Examples of the Term “Jet Lag” Used in Sentences
- I get jet lag for a while after traveling abroad.
- Each trip to the States gives me really bad jet lag.
- It’s a great idea to spend the first night of your vacation sleeping off the jet lag.
- NoiseBuster is said to lessen the effects of jet lag beyond a quieter plane ride.
- Everyone has their own ways or remedies to alleviate jet lag.
- It is believed that aromatherapy treatments can also help with sleep problems and symptoms of jet lag.
- Researchers are looking into its ability to combat jet lag and induce sleep.
- A new discovery suggests that a short fast could equip people to deal or get through jet lag and grogginess.
- I’m feeling okay, but I am very tired from the jet lag.
- After reaching Florida, Mr. Su Young had bad jet lag and required some extra sleep.
- The first week is horrible; sluggish nausea I can’t explain and jet lag.
- Officials can avoid jet lag, and the taxpayer can avoid the cost of moving them around the globe.
- If you’re feeling half dead, it’s because you have jet lag, and it affects nearly everyone on long-haul flights.
- I felt so tired, owing to jet lag.
- We have jet lag for nearly eight hours.
- He actually blamed his poor judgment on Jet Lag.
- I’ve got a serious case of jet lag.
- Have you recovered from your jet lag as yet?
- I always get horrible jet lag when I travel.
- Social jet lag is basically the difference between external requirements and biological time.
- The jet lag causes a mild form of hallucination.
- The symptoms of jet lag are due to temporary disruption of the body’s circadian rhythms.
- Actress Jessica Matthews revealed her secret to combat jet lag: baking soda and Epsom salts poured into a hot bath.
- I felt entirely confused, owing to the jet lag.
- Jet lag occurs because jet travel disregards the circadian timekeeper.
- I’m still experiencing the nasty symptoms of jet lag after my trip to South Africa.
- Jet lag is caused because the body clock does not readjust immediately to the time change.
- I chased off jet lag with an early night after taking a bath.
- I’ll feel better after a good night’s sleep, even though I’m suffering from jet lag right now.
- Of course, it’s quite possible that John may have had jet lag.
Alternative Words for “Jet Lag”
The meaning of the term “jet lag” is a disruption to the body’s biological clock caused by a sudden shift in daily rhythm or the state of being tired. Words that you can use instead of jet lag are
circadian dysrhythmia, desynchronosis, and jet syndrome.
What is the Opposite of “Jet Lag”?
The opposite of being jet-lagged is alert and attentive or not being tired.
What is the Plural of Jet Lag?
Jet lag is a noun and can be countable or uncountable. In a more general or commonly used context, the plural of jet lag remains “jet lag.”

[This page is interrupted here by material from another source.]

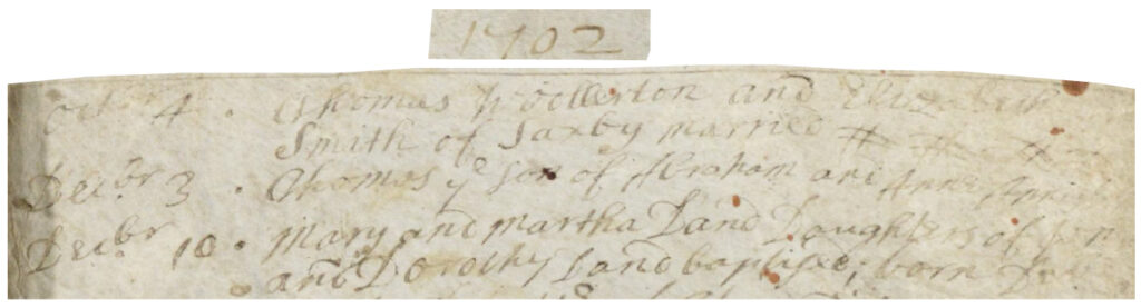Dec 3 1702 – The baptism of Thomas Annis the son of Abraham and Anne Annis

But in certain more specific instances, the plural form can be jet lags, which is referencing various typoes of jet lags or a collection of jet lags.
The Meaning of the Term “Jet Lag”
In order to use any word in the correct context, you must first fully comprehend and fully understand exactly what the word or term means. Traveling between several time zones causes jet lag due to the body’s circadian rhythm being upset or out of sync.
As a result, you experience something called jet lag, and the symptoms include experiencing daytime fatigue, a sick feeling in the bottom of your stomach, trouble staying alert, and gastrointestinal problems.
Jet lag is, however, temporary, and after a good nap, you should feel like your old self again within a couple of hours or, at the worst, after a day.
Therefore it is recommended that before beginning your vacation, you should take a couple of hours to have a nap so that you will have better enjoyment of your holiday.
Now that you have a better comprehension of the term “jet lag,” you are well equipped to use it in the correct context moving forward.